Nothing but the lines from the start of the records below through the line that has "原名王村,曾是土司王的行宮,擁有兩千多年" should appear, each exactly as given.

Segment Open

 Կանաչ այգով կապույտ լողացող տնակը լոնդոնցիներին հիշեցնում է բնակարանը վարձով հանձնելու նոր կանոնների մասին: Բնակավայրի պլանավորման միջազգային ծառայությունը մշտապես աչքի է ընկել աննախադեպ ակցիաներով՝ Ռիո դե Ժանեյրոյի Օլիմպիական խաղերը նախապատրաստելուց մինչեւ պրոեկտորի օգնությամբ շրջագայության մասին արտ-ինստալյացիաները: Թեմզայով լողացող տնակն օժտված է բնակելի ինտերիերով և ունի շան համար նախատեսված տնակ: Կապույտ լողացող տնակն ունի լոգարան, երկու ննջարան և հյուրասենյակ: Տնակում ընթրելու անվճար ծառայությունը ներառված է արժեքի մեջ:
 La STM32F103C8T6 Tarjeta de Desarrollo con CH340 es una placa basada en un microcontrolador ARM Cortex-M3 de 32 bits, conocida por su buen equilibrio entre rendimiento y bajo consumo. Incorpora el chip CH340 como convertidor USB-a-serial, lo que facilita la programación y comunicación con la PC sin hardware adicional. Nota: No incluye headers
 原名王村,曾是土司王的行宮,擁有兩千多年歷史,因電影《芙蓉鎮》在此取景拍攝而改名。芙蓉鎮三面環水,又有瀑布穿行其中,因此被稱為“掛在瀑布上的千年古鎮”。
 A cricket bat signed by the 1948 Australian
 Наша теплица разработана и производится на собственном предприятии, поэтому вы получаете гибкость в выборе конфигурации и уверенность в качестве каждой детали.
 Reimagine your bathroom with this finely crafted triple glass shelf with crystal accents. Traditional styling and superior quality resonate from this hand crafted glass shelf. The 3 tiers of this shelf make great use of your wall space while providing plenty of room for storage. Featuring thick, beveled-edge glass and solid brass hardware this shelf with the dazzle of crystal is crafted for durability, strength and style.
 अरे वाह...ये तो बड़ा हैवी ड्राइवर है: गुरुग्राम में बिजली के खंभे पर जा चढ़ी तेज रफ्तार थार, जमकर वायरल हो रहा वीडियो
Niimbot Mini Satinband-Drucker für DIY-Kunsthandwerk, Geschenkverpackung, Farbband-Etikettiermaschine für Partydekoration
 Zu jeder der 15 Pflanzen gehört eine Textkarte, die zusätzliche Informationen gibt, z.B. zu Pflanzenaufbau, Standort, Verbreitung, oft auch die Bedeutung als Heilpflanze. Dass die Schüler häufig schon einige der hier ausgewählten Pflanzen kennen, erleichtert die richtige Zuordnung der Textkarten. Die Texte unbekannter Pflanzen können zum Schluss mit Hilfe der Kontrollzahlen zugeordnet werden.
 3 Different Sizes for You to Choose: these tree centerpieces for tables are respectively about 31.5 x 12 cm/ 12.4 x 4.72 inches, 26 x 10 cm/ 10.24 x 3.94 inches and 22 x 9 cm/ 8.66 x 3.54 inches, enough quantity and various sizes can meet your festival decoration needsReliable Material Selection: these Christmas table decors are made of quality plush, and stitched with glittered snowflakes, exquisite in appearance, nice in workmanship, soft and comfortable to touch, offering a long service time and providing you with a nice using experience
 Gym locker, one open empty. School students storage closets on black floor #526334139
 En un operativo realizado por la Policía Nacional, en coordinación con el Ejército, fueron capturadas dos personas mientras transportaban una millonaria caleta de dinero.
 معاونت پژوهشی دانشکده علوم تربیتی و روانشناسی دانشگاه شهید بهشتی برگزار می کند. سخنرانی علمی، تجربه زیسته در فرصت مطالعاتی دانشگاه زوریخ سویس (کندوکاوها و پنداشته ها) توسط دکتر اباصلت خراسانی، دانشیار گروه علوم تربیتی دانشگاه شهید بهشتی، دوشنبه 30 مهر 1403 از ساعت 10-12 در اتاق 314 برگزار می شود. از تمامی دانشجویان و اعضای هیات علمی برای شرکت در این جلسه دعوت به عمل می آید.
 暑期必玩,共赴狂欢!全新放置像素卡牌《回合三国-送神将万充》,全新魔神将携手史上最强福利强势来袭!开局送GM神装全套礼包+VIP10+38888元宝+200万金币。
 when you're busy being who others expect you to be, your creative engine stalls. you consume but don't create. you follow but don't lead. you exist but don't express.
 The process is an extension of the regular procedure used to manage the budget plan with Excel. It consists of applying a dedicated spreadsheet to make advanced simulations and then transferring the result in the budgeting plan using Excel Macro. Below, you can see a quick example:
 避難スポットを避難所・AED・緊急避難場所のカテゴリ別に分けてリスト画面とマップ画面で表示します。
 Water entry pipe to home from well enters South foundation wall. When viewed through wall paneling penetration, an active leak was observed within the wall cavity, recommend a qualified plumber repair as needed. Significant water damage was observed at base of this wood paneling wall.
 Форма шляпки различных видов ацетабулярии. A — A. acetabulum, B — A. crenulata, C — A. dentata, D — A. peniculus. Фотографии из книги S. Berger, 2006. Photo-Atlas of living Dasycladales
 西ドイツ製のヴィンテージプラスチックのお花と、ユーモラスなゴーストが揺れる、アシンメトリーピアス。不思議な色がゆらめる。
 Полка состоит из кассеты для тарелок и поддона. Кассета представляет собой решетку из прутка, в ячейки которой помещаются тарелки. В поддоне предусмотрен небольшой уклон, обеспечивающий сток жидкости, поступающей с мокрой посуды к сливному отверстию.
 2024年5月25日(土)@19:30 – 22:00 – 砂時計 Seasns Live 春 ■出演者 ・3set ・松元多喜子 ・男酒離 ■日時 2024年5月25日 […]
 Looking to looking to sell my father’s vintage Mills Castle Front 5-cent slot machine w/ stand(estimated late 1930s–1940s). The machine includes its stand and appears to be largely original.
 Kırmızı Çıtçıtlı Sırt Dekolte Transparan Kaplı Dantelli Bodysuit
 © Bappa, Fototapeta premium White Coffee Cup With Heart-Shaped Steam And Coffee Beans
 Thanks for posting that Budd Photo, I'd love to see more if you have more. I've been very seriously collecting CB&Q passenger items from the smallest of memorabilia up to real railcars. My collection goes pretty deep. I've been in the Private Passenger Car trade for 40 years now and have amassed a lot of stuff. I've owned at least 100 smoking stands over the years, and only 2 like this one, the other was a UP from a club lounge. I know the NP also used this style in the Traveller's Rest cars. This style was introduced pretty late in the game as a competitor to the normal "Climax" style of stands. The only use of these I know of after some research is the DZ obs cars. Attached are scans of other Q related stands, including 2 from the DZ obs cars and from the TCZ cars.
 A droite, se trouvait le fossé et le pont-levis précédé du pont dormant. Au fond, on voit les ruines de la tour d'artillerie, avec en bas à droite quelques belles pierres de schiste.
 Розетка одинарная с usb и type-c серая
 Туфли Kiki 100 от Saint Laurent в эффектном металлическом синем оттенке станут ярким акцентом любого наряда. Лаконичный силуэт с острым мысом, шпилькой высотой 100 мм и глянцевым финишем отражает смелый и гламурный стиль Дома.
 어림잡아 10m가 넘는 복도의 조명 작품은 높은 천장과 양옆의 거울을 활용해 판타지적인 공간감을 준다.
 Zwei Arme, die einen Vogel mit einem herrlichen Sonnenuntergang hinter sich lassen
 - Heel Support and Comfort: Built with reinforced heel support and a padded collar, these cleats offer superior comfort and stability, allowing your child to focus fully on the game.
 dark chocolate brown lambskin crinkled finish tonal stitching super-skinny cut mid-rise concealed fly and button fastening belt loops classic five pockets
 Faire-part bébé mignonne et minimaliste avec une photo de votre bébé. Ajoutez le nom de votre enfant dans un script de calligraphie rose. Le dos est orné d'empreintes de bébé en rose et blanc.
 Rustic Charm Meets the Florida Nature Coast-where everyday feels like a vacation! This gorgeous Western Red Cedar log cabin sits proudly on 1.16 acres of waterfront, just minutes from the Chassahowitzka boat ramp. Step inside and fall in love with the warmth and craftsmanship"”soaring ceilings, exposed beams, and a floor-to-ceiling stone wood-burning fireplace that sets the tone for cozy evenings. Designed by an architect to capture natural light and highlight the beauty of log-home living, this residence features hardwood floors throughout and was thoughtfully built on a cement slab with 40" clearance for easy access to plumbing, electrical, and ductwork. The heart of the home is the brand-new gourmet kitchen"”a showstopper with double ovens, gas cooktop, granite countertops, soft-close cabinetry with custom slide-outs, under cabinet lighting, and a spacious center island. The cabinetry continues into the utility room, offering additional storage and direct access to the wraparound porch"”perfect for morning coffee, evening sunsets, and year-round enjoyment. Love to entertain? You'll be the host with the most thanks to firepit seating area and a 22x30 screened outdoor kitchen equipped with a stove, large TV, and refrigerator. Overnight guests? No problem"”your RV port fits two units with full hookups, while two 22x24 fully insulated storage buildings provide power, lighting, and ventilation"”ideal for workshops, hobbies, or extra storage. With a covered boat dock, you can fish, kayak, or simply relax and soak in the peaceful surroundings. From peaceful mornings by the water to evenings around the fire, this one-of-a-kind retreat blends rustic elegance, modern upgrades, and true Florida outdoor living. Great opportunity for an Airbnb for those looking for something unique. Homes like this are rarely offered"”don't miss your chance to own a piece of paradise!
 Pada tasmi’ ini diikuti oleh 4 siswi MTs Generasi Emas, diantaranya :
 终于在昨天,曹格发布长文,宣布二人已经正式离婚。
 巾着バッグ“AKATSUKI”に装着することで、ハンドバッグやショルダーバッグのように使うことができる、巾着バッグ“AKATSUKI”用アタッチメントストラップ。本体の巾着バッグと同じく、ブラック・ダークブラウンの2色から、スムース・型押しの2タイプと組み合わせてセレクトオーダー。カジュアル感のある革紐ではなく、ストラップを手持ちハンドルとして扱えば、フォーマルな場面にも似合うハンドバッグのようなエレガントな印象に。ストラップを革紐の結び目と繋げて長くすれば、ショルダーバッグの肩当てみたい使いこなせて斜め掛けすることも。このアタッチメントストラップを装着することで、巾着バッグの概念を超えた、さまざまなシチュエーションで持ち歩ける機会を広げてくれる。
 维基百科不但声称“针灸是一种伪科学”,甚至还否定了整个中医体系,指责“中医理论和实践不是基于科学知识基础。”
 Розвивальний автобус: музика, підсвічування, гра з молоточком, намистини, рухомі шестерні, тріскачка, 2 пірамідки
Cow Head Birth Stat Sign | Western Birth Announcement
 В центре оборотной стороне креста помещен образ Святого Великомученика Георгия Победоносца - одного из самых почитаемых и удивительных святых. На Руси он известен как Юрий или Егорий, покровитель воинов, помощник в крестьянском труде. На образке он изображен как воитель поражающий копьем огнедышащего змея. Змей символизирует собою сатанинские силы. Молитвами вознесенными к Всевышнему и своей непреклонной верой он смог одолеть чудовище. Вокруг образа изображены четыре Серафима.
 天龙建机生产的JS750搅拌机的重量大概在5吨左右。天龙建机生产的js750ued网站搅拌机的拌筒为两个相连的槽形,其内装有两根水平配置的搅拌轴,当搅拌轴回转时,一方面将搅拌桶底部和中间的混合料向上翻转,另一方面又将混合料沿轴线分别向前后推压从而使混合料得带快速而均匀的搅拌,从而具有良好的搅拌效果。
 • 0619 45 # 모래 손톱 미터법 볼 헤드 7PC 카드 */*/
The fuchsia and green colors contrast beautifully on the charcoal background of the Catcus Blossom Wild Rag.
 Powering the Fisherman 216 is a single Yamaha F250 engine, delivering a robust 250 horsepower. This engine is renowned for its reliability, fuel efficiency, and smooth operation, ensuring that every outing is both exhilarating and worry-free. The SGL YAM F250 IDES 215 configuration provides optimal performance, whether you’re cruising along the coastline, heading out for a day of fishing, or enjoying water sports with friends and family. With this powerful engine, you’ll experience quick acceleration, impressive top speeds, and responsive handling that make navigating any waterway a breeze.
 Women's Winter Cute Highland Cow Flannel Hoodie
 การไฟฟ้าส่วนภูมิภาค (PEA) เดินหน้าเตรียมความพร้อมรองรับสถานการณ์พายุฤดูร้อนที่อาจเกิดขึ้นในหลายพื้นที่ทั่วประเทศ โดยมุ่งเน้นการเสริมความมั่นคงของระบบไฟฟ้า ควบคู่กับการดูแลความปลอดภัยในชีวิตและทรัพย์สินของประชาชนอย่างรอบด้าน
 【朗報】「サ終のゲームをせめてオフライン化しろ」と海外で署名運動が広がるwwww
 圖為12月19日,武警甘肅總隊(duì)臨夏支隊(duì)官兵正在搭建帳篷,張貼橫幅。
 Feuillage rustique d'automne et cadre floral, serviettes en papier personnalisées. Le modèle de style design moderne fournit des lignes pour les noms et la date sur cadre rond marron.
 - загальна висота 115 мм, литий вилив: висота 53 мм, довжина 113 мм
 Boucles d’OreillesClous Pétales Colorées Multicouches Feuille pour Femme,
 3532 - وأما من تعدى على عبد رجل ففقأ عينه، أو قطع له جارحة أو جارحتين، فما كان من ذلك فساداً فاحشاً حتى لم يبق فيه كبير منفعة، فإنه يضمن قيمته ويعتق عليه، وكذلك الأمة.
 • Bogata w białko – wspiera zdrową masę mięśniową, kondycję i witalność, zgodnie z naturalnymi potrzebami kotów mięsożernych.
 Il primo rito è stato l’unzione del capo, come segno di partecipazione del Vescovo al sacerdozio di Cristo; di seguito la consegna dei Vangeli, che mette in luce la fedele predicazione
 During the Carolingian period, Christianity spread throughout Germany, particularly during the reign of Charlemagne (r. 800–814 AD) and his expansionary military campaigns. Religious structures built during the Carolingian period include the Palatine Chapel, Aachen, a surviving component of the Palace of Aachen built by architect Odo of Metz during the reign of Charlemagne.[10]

Segment Closed

_Exercise answer:_
 Կանաչ այգով կապույտ լողացող տնակը լոնդոնցիներին հիշեցնում է բնակարանը վարձով հանձնելու նոր կանոնների մասին: Բնակավայրի պլանավորման միջազգային ծառայությունը մշտապես աչքի է ընկել աննախադեպ ակցիաներով՝ Ռիո դե Ժանեյրոյի Օլիմպիական խաղերը նախապատրաստելուց մինչեւ պրոեկտորի օգնությամբ շրջագայության մասին արտ-ինստալյացիաները: Թեմզայով լողացող տնակն օժտված է բնակելի ինտերիերով և ունի շան համար նախատեսված տնակ: Կապույտ լողացող տնակն ունի լոգարան, երկու ննջարան և հյուրասենյակ: Տնակում ընթրելու անվճար ծառայությունը ներառված է արժեքի մեջ:
 La STM32F103C8T6 Tarjeta de Desarrollo con CH340 es una placa basada en un microcontrolador ARM Cortex-M3 de 32 bits, conocida por su buen equilibrio entre rendimiento y bajo consumo. Incorpora el chip CH340 como convertidor USB-a-serial, lo que facilita la programación y comunicación con la PC sin hardware adicional. Nota: No incluye headers
 原名王村,曾是土司王的行宮,擁有兩千多年歷史,因電影《芙蓉鎮》在此取景拍攝而改名。芙蓉鎮三面環水,又有瀑布穿行其中,因此被稱為“掛在瀑布上的千年古鎮”。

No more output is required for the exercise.